Мальчиком меня с няней отправляли в деревню в купе второго класса. Едва поезд трогался, я прилипал к окну, пялил глаза на паровозы, стрелки, семафоры — на весь этот дымящий, гудящий, громыхающий, перекликающийся свистками и рожками, играющий огоньками чудесный железнодорожный мир. Любовь к нему жива во мне до сих пор. За мчащимся на всех парах паровозом, с его сверкающими в смазанном сиянии энергичными поршнями, я и сейчас слежу с упоением. Для меня в нем — воплощение механической работы, одушевленной живым усилием. Несравненно мощнейшие электровозы оставляют меня равнодушным.
Во всех мелочах помню первое самостоятельное путешествие по железной дороге. Я ехал без провожатого, порученный присмотру хмурого кондуктора. На станции, где мой вагон прицепляли к другому поезду и надо было ждать три часа, я решился проникнуть в станционный ресторан и сесть за столик. С волнением и опаской следил я, как официант снисходительно ставит передо мной стакан теплого какао. Хотя я несколько раз проверял серебро и медяки в портмоне, прежде чем отважиться на такой взрослый поступок, было страшно: вдруг недостанет денег расплатиться?

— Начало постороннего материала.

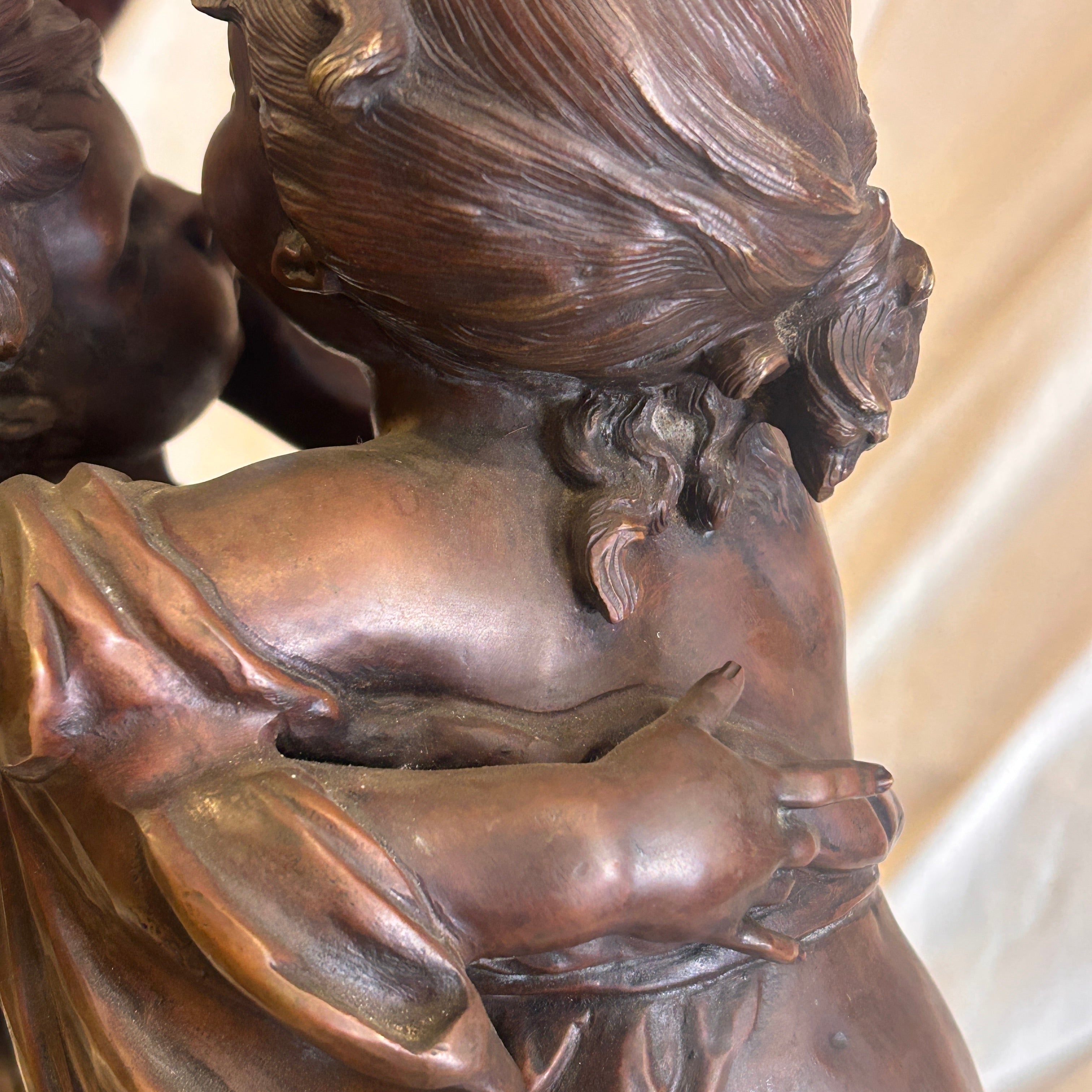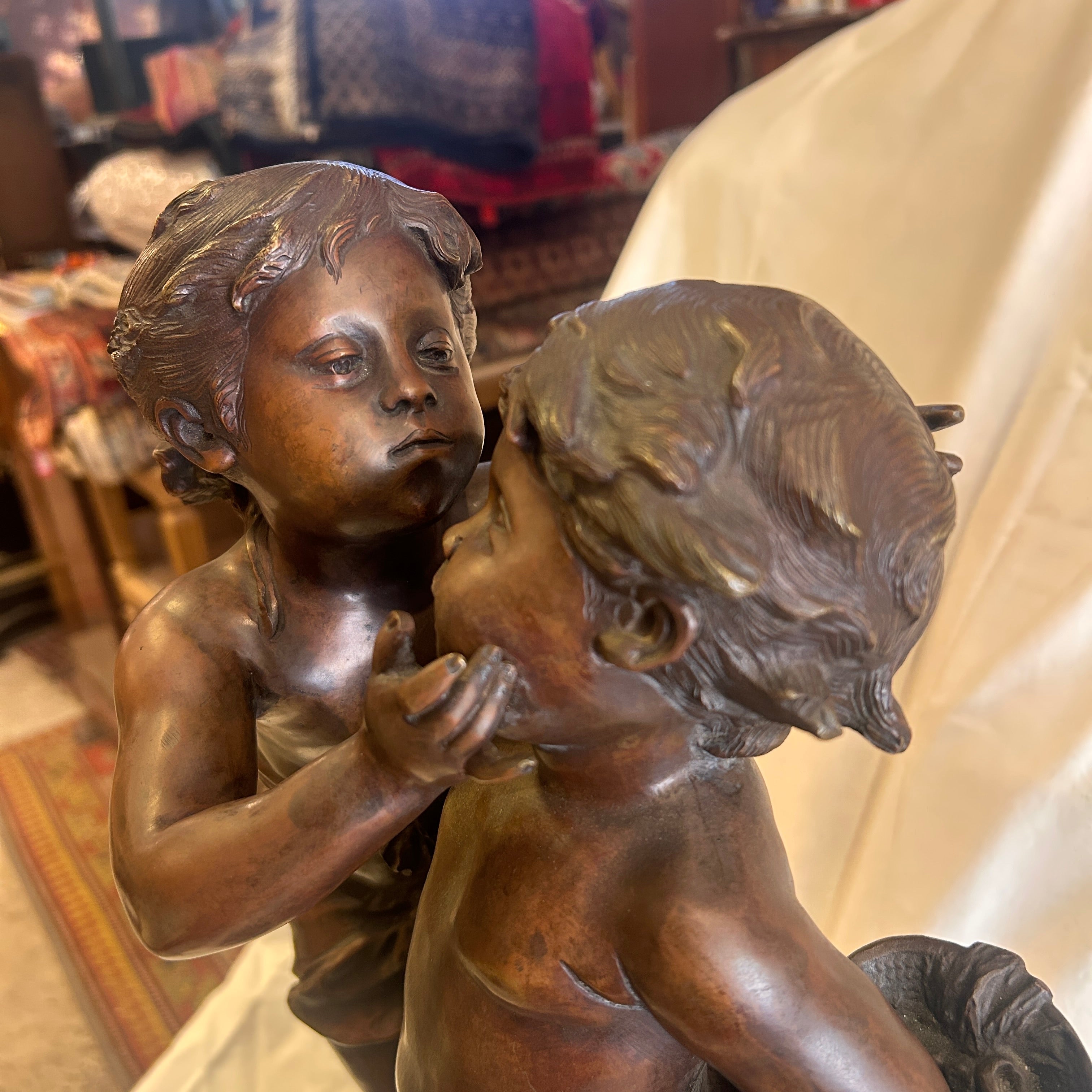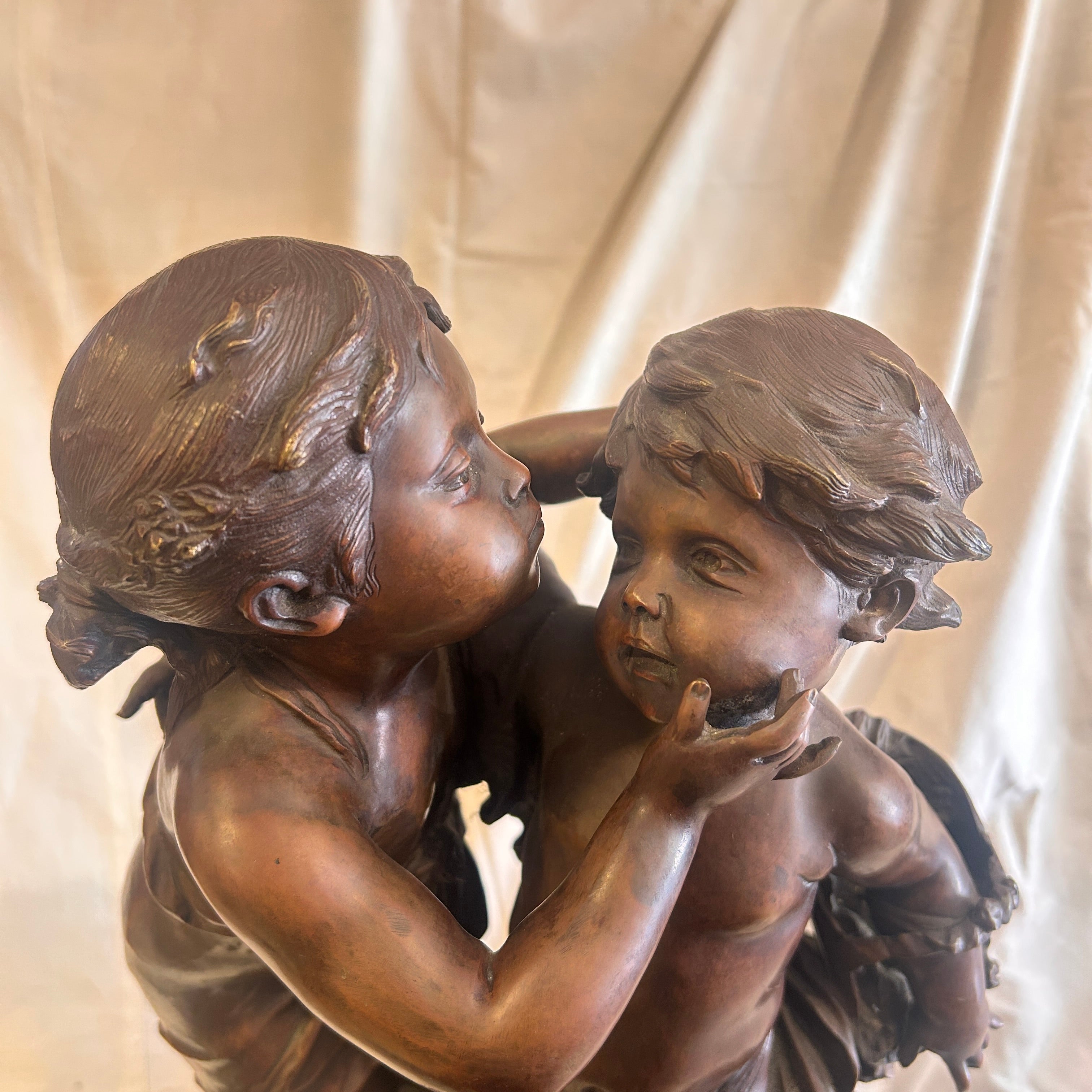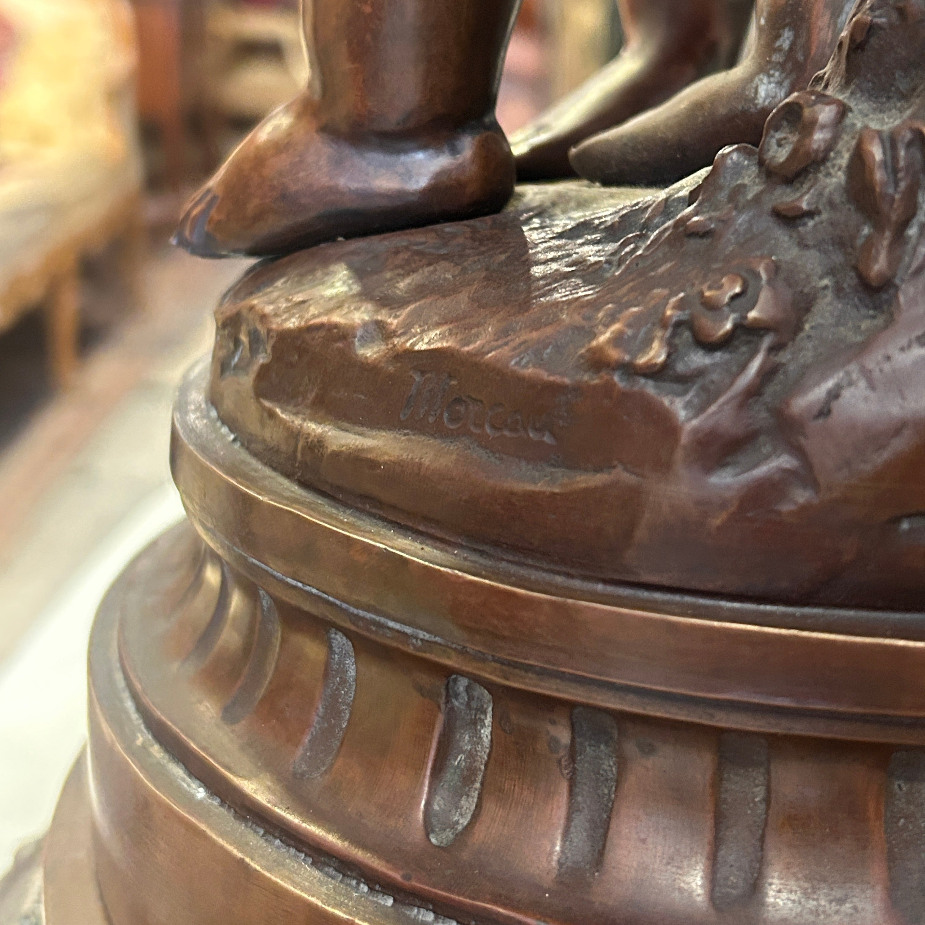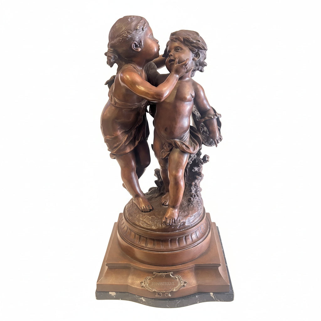 Bella figura en bronce con pátina marrón representando a dos infantes apoyados en un tronco firmada por el escultor francés Auguste Moreau. Cuenta con una base circular acanalada, contrasócalo (soporte adicional) en mármol negro veteado y una cartela con la característica leyenda "Romantiques", propia de escenas sentimentales de la época.

На станцию уездного городка за мной высылали легкую пролетку или тарантас, запряженный парой вороных лошадей.
— Бобер! Это Бобер! — кричал я, еще издали узнав статного коренника с волнистой гривой и строптивым глазом. И бежал навстречу экипажу, тронувшемуся к крыльцу станции от коновязи возле тенистого скверика.
Кучер Арсений, с жидкой бородкой клинышком, грустными глазами на худом лице, в картузе и плисовой безрукавке поверх яркой рубахи, встречал неизменно ласково:
— Ишь какой подрос в Питере! Ты, барчук, так-то и меня скоро перерастешь…
Перерасти его было нехитро — Арсений мал ростом, тщедушен, часто болел. Так что еще до войны в один из весенних приездов я увидел на козлах вместо него дородного чернобородого Тимофея: минувшей осенью Арсений приказал долго жить.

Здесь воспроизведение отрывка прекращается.